▸ **EXERCISE AIM**
An exact copy of every record below is required, with the pictures left out.
++++ TASK INPUT
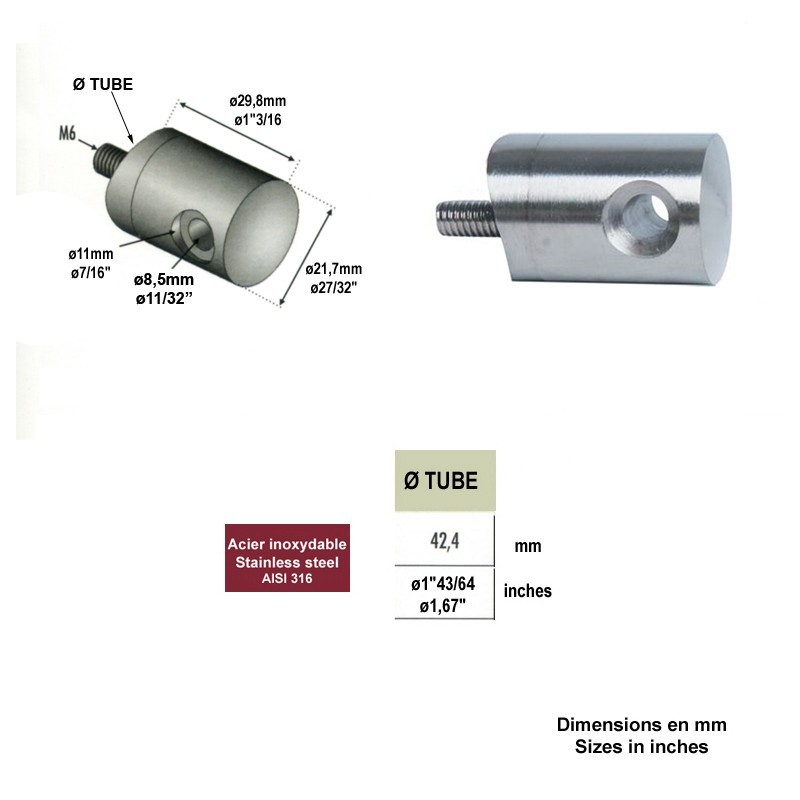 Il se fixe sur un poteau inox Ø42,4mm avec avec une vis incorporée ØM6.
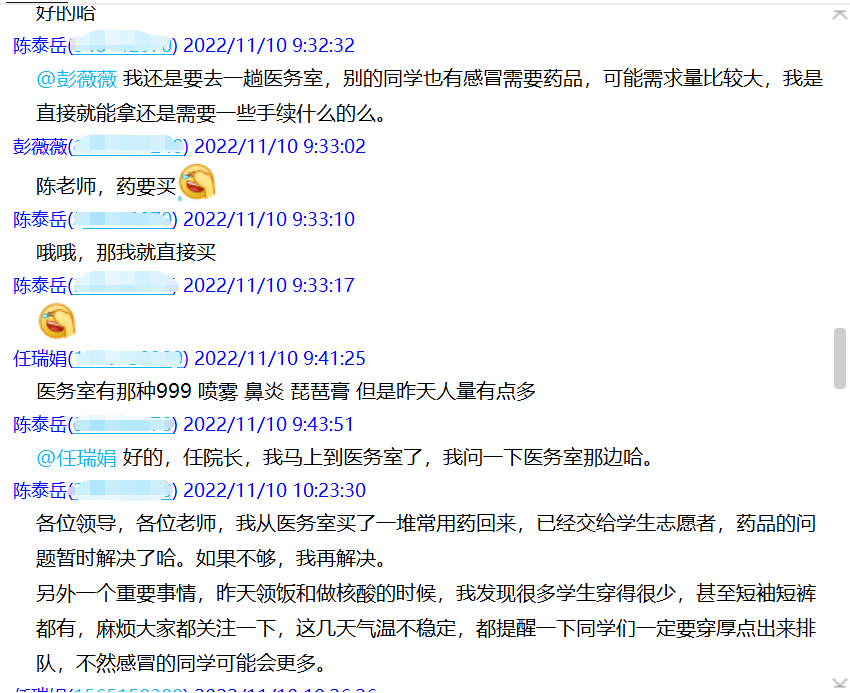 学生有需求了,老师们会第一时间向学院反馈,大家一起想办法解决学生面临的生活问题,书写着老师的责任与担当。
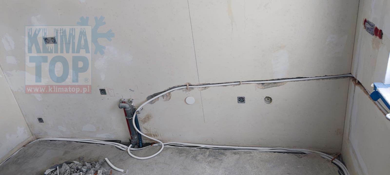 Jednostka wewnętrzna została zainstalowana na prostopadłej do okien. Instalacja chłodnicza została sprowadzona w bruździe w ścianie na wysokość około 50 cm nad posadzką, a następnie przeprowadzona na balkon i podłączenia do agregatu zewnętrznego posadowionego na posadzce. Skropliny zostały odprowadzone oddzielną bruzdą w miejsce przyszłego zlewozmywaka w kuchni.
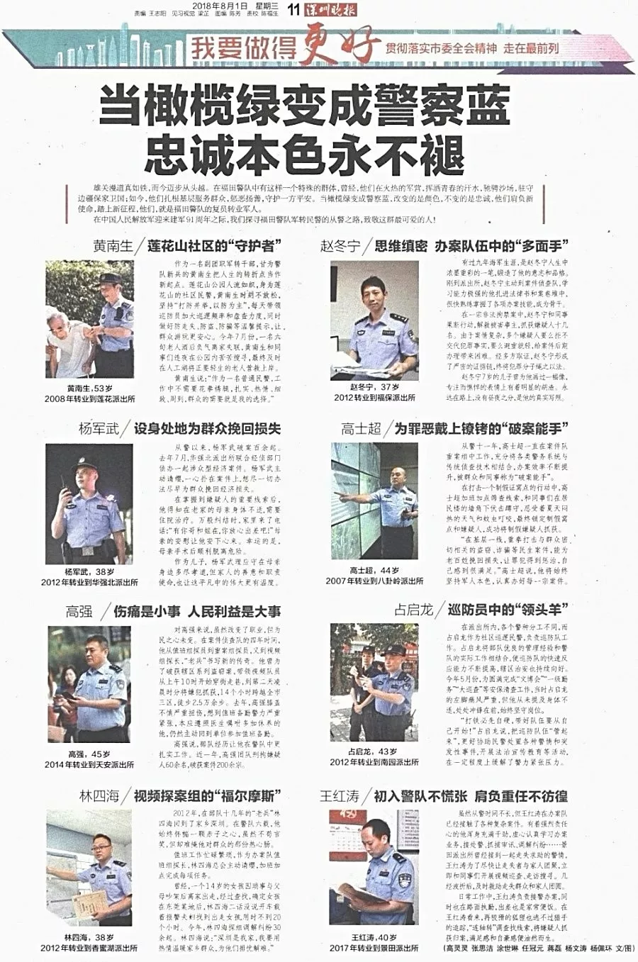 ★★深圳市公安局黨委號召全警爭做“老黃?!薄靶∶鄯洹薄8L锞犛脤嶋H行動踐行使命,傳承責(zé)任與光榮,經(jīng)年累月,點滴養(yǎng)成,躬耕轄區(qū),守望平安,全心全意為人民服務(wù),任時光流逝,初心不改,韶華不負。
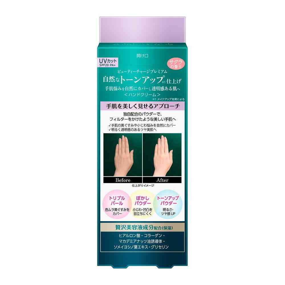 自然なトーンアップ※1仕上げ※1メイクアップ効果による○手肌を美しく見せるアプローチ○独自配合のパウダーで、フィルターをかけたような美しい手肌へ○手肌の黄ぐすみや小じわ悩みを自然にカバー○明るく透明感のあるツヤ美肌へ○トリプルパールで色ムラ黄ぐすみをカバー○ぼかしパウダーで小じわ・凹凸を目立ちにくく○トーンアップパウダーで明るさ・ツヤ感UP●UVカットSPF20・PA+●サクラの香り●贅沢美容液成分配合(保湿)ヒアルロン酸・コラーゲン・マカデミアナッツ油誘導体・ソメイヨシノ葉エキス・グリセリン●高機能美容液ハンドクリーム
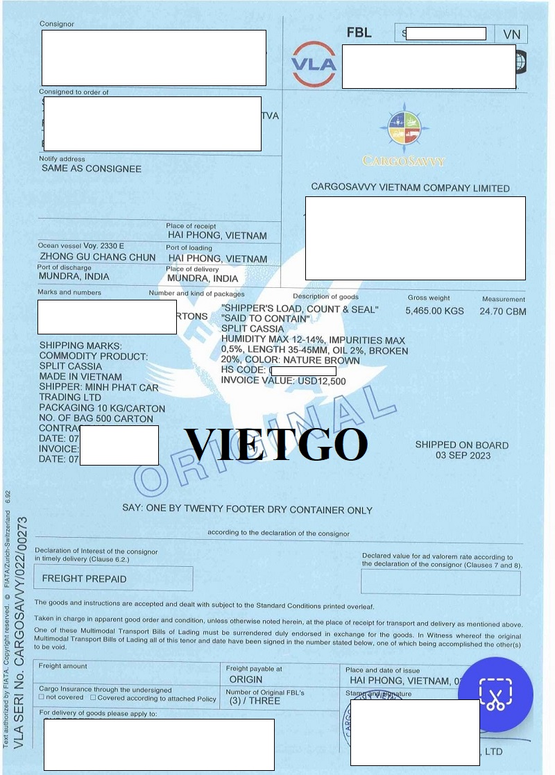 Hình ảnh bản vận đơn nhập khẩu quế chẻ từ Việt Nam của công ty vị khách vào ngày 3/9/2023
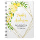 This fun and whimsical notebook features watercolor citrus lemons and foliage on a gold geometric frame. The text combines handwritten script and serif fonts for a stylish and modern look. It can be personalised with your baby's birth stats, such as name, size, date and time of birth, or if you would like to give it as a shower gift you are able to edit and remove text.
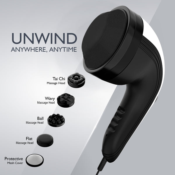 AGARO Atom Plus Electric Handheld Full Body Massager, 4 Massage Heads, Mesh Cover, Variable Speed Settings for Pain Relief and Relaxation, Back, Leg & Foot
++++++++
▸ **EXPECTED OUTPUT**
 Il se fixe sur un poteau inox Ø42,4mm avec avec une vis incorporée ØM6.
 学生有需求了,老师们会第一时间向学院反馈,大家一起想办法解决学生面临的生活问题,书写着老师的责任与担当。
 Jednostka wewnętrzna została zainstalowana na prostopadłej do okien. Instalacja chłodnicza została sprowadzona w bruździe w ścianie na wysokość około 50 cm nad posadzką, a następnie przeprowadzona na balkon i podłączenia do agregatu zewnętrznego posadowionego na posadzce. Skropliny zostały odprowadzone oddzielną bruzdą w miejsce przyszłego zlewozmywaka w kuchni.
 ★★深圳市公安局黨委號召全警爭做“老黃?!薄靶∶鄯洹薄8L锞犛脤嶋H行動踐行使命,傳承責(zé)任與光榮,經(jīng)年累月,點滴養(yǎng)成,躬耕轄區(qū),守望平安,全心全意為人民服務(wù),任時光流逝,初心不改,韶華不負。
 自然なトーンアップ※1仕上げ※1メイクアップ効果による○手肌を美しく見せるアプローチ○独自配合のパウダーで、フィルターをかけたような美しい手肌へ○手肌の黄ぐすみや小じわ悩みを自然にカバー○明るく透明感のあるツヤ美肌へ○トリプルパールで色ムラ黄ぐすみをカバー○ぼかしパウダーで小じわ・凹凸を目立ちにくく○トーンアップパウダーで明るさ・ツヤ感UP●UVカットSPF20・PA+●サクラの香り●贅沢美容液成分配合(保湿)ヒアルロン酸・コラーゲン・マカデミアナッツ油誘導体・ソメイヨシノ葉エキス・グリセリン●高機能美容液ハンドクリーム
 Hình ảnh bản vận đơn nhập khẩu quế chẻ từ Việt Nam của công ty vị khách vào ngày 3/9/2023
 This fun and whimsical notebook features watercolor citrus lemons and foliage on a gold geometric frame. The text combines handwritten script and serif fonts for a stylish and modern look. It can be personalised with your baby's birth stats, such as name, size, date and time of birth, or if you would like to give it as a shower gift you are able to edit and remove text.
 AGARO Atom Plus Electric Handheld Full Body Massager, 4 Massage Heads, Mesh Cover, Variable Speed Settings for Pain Relief and Relaxation, Back, Leg & Foot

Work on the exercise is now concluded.